** Input material follows **

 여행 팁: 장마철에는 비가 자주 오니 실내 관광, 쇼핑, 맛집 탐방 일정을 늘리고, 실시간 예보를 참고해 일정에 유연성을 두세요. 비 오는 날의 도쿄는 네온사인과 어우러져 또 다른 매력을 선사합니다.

** End of Input material **
** Input material follows **

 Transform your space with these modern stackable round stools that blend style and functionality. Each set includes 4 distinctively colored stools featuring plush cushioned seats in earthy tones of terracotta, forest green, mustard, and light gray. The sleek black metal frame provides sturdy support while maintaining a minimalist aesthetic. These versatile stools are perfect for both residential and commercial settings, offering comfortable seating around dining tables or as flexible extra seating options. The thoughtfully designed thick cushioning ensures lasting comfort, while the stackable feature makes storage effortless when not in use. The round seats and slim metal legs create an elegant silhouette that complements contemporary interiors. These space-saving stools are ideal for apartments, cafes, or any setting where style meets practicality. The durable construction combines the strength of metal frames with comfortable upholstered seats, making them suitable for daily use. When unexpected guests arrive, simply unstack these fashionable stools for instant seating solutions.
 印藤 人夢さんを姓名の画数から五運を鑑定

** End of Input material **

_What is needed_: Word for word, restate the lines of the listing above starting at the line with "Transform your space" and ending at the line with "印藤 人夢さんを姓名の画数から五運を鑑定", and nothing outside them.

_Exercise result_:
 Transform your space with these modern stackable round stools that blend style and functionality. Each set includes 4 distinctively colored stools featuring plush cushioned seats in earthy tones of terracotta, forest green, mustard, and light gray. The sleek black metal frame provides sturdy support while maintaining a minimalist aesthetic. These versatile stools are perfect for both residential and commercial settings, offering comfortable seating around dining tables or as flexible extra seating options. The thoughtfully designed thick cushioning ensures lasting comfort, while the stackable feature makes storage effortless when not in use. The round seats and slim metal legs create an elegant silhouette that complements contemporary interiors. These space-saving stools are ideal for apartments, cafes, or any setting where style meets practicality. The durable construction combines the strength of metal frames with comfortable upholstered seats, making them suitable for daily use. When unexpected guests arrive, simply unstack these fashionable stools for instant seating solutions.
 印藤 人夢さんを姓名の画数から五運を鑑定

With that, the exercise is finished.